*** EXTRACTED DATA ***

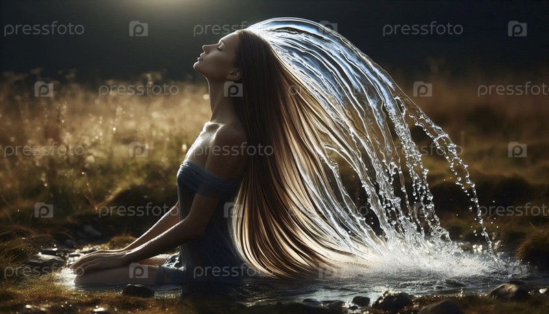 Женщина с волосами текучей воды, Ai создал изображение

***
*** EXTRACTED DATA ***

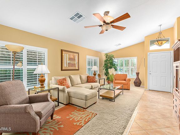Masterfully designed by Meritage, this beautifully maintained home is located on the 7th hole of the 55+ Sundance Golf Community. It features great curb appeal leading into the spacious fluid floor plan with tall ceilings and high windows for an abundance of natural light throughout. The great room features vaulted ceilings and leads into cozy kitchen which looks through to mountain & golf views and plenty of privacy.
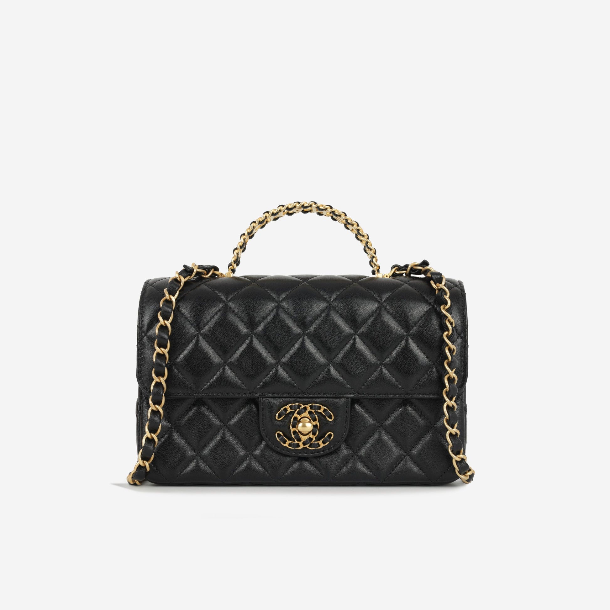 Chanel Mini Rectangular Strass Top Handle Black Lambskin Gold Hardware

***

Look through the listing above for the line with "Masterfully designed by" and the line with "Chanel Mini Rectangular". Write out exactly those lines and everything between, leaving out pictures.

◆ RESULT OF THIS EXERCISE
Masterfully designed by Meritage, this beautifully maintained home is located on the 7th hole of the 55+ Sundance Golf Community. It features great curb appeal leading into the spacious fluid floor plan with tall ceilings and high windows for an abundance of natural light throughout. The great room features vaulted ceilings and leads into cozy kitchen which looks through to mountain & golf views and plenty of privacy.
 Chanel Mini Rectangular Strass Top Handle Black Lambskin Gold Hardware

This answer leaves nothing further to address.